Blake waited, but Jordan did not add anything to that bare statement which seemed, from its very terseness, to hold a threat. Blake was uneasy but did not dare put a more direct question to the reporter. The latter looked up full into the press agent’s eyes as he asked:
“Did Mrs. Morne intend to divorce her husband?”
> “I’ve heard nothing to that effect.”
“She has put up with a lot from him. How much is she interested in James Betterling?”
Blake glanced at his own hands, resting on the desk; they had doubled up into fists at the question, and he became aware that the reporter had taken note of that fact. He spread them out, and closed them again as he looked Jordan straight in the eyes.
“Is she interested in Mr. Betterling? She’s been seen with him a great deal—at the theatres, motoring, at the beaches.”
“That’s natural enough. Betterling is Mr. Siddarth’s business manager and a friend of the actor and his wife. He has been seen a good deal with both of them. He has escorted her around when Morne was busy at the theatre, probably at Morne’s request.”
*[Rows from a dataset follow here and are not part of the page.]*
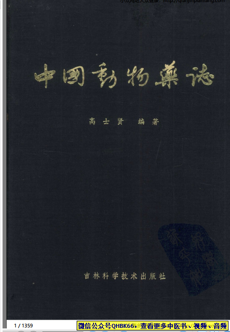 中国动物药志(高士贤)本站专注中医资源,涵盖视频,音频,电子文档等等等……关注微信公众号【QHBK66】,回复对应编码,获网盘下载地址。 更多中医视频,音频,电子书等《中医超级资源库》目录,查看网址:https://qr09.cn/FDjI4p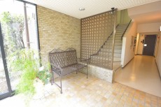 エントランスも邸宅風でシャレています。 建物の周りに緑が多く安らぎます。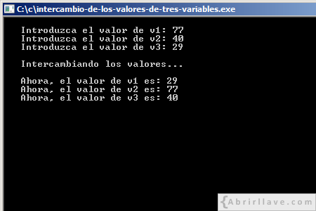 Ejercicio de lenguaje C - Intercambio de los valores de tres variables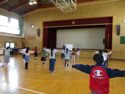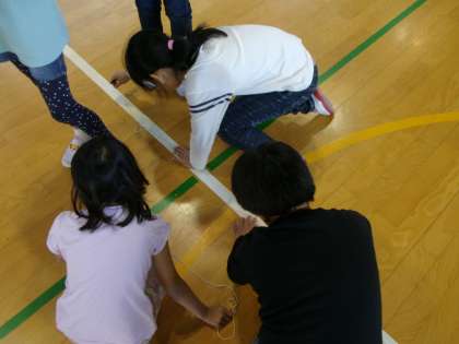 体を使って数を表したり、ひもを使って形とりゲームを行ったりと楽しく算数の学習をしていました。

“Was she at home last night?”
“I don’t know. Why do you ask me?”
“It is my business to ask questions. Sometimes they are answered. Even when they’re not, that’s sometimes an answer.”
“I suppose it is,” said Blake, after a pause during which he speculated on the reporter’s purpose in making that statement. “An answer refused gives you a chance to speculate on what the reply would have been had it been made. A chance to use your imagination.”
“And why it was not answered,” Jordan added, with a swift, keen glance full into Blake’s eyes. “It’s reported that Morne was interested financially in the Happy Hours night club. Know anything about that?”
“I know nothing of his activities out of the theatre.”
“Vanuzzi has been quite talkative about what happened on the Silver Lark, like a man having something to hide. No reason to suppose the Italian might have bumped Morne off?”
“They seemed friendly enough the few times I was at the night club with Morne. Still, he might have been part owner. The District Attorney mentioned such a report.”